Pasteur de l'Église protestante unie de France à Montpellier et président d'Évangile et liberté, l'Association protestante libérale.

2 commentaires

  1. Fritjof.Ziegler@web.de'

    Oui: plus de présence physique.

    Mais à part, toute cette chose d’ascension est une grande affaire de connexité – lisez Jean 17:20-26. Jésus prend place aux environs de Dieu pour être connecté a lui, pour se connecter à la même fois à Dieu et à nous et pour finalement nous connecter avec (l’amour de) Dieu! Et nous rassemble en même temps. C’est tellement stimulant.

    Jésus part, mais pas pour être parti: Ni dans ton coeur ni dans la Sainte Cène.

  2. sl@serge-lochu.com'

    Merci! En ces temps d’épidémie, il est pertinent de rebondir sur la notion de distanciation. Comme Jésus le dit lui-même, son départ (et donc, quelque part, son absence) nous est avantageuse : « Cependant je vous ai dit la vérité : c’est votre avantage que je m’en aille ; en effet, si je ne pars pas, le Paraclet ne viendra pas à vous ; si, au contraire, je pars, je vous l’enverrai. » (Jean 16:7).

    Mais il s’agit de départ et d’absence corporelles.

    La « forme » corporelle est certes le support de notre identité mais elle peut lui donner trop d’importance.

    N’existons-nous pas plus par les relations qui se tissent entre nous que par la relation que nous avons à notre corps? Notre avenir n’est-il pas surtout dans l’inter-personnalité »? N’existons-nous pas désormais dans la mesure et, peut-être, seulement dans cette mesure, où nous mettons en pratique le commandement donné par Jésus « Aimez-vous les uns les autres. Comme je vous ai aimés, aimez-vous les uns les autres » (commandement répétés plusieurs fois dans l’évangile de Jean)?

    Personnellement, je vois la distanciation (vis à vis du corps, vis à vis du « moi », vis à vis de tous les attachements qui forgent notre condition humaine) comme une invitation à l’altérité. L’altérité est, paradoxalement, la condition de l’unité. « Nul n’a d’amour plus grand que celui qui se dessaisit de sa vie pour ceux qu’il aime. » (Jean 15:13).

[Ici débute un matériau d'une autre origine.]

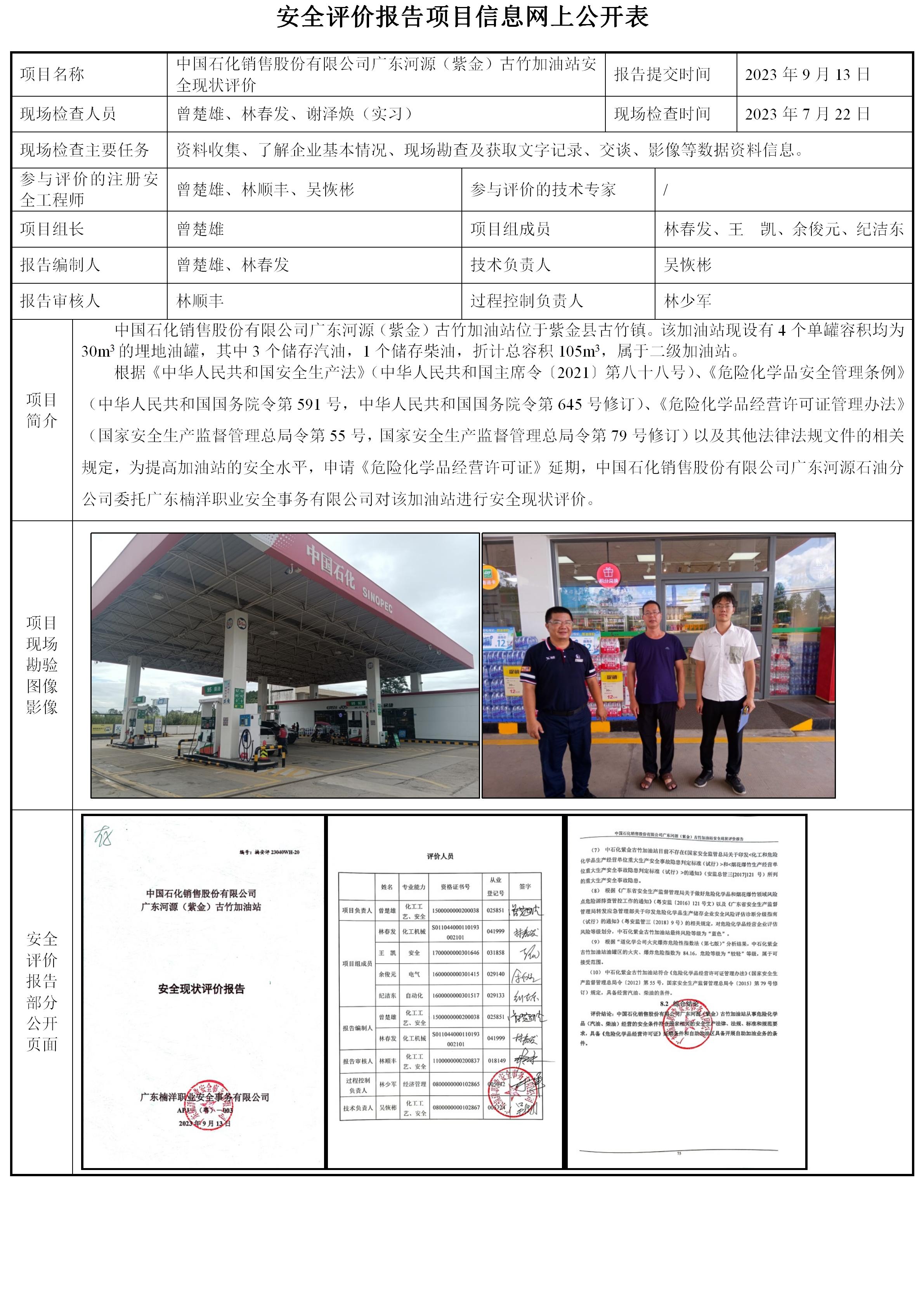 中国石化销售股份有限公司广东河源(紫金)古竹加油站安全现状评价

    L’apprentissage de l’altérité est cependant difficile. Il est difficile parce qu’elle procède fondamentalement de l’humilité. Renoncer au moi moïque, voire « surmoïque », c’est voir l’autre comme la base même de l’identité, puisque je me construis en l’imitant.

    L’autre, les autres (d’abord mes parents, puis mon entourage, puis mes amis et aussi mes ennemis) sont les matériaux avec lesquels s’est construite mon identité, pour le meilleur et, parfois, pour le pire (les désastres psychologiques et psychopathologiques sont les témoins du pire).

    Dans le prolongement du geste créateur qui fait de nous des images, nous avons à accepter d’être un moi pluriel, sans cesse remanié par la rencontre, et notamment par la rencontre avec ceux qui nous apparaissent comme plus petits. Car c’est en eux que Jésus est désormais PRÉSENT.